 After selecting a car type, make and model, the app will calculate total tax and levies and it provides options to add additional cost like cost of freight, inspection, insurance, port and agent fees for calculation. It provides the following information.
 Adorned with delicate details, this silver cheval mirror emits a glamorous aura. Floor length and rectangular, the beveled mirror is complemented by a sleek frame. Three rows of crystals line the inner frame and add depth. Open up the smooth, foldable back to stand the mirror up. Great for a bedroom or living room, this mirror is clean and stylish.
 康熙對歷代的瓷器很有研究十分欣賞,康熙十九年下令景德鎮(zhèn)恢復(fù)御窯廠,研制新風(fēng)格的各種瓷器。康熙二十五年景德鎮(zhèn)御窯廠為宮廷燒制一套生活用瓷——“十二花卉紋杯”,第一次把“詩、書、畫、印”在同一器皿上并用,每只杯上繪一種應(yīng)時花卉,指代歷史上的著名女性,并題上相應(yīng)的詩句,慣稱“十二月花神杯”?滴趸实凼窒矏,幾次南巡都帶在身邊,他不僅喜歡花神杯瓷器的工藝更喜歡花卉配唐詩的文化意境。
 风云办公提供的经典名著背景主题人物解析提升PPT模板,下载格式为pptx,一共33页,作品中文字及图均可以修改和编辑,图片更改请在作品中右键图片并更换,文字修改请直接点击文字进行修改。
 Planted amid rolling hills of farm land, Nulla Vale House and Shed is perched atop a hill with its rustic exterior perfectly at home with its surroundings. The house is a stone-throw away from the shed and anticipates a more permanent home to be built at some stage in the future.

...

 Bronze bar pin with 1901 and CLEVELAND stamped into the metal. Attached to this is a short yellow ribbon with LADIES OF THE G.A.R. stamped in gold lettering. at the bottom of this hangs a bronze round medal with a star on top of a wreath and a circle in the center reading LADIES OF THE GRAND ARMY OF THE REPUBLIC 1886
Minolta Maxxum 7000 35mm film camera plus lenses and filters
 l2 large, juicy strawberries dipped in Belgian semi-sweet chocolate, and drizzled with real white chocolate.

---

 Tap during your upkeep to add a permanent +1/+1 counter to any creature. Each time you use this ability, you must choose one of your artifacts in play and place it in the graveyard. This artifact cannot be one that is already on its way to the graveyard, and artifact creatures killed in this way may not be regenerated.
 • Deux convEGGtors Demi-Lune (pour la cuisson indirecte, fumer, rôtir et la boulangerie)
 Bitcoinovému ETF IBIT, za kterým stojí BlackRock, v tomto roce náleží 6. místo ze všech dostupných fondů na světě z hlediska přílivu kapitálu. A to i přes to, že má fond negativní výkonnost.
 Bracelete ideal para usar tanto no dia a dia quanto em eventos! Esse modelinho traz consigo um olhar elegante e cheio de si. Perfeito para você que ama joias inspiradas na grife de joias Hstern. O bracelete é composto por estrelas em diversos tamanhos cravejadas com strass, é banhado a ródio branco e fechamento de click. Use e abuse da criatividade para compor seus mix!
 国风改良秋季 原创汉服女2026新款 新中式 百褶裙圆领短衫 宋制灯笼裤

INSTRUCTIONS FOR THE TASK: Copy word for word the stretch of entries above from the line that has "Tap during your" through the line that has "国风改良秋季 原创汉服女2026新款 新中式 百褶裙圆领短衫 宋制灯笼裤", both ends included, and nothing outside it.

EXERCISE RESPONSE:
 Tap during your upkeep to add a permanent +1/+1 counter to any creature. Each time you use this ability, you must choose one of your artifacts in play and place it in the graveyard. This artifact cannot be one that is already on its way to the graveyard, and artifact creatures killed in this way may not be regenerated.
 • Deux convEGGtors Demi-Lune (pour la cuisson indirecte, fumer, rôtir et la boulangerie)
 Bitcoinovému ETF IBIT, za kterým stojí BlackRock, v tomto roce náleží 6. místo ze všech dostupných fondů na světě z hlediska přílivu kapitálu. A to i přes to, že má fond negativní výkonnost.
 Bracelete ideal para usar tanto no dia a dia quanto em eventos! Esse modelinho traz consigo um olhar elegante e cheio de si. Perfeito para você que ama joias inspiradas na grife de joias Hstern. O bracelete é composto por estrelas em diversos tamanhos cravejadas com strass, é banhado a ródio branco e fechamento de click. Use e abuse da criatividade para compor seus mix!
 国风改良秋季 原创汉服女2026新款 新中式 百褶裙圆领短衫 宋制灯笼裤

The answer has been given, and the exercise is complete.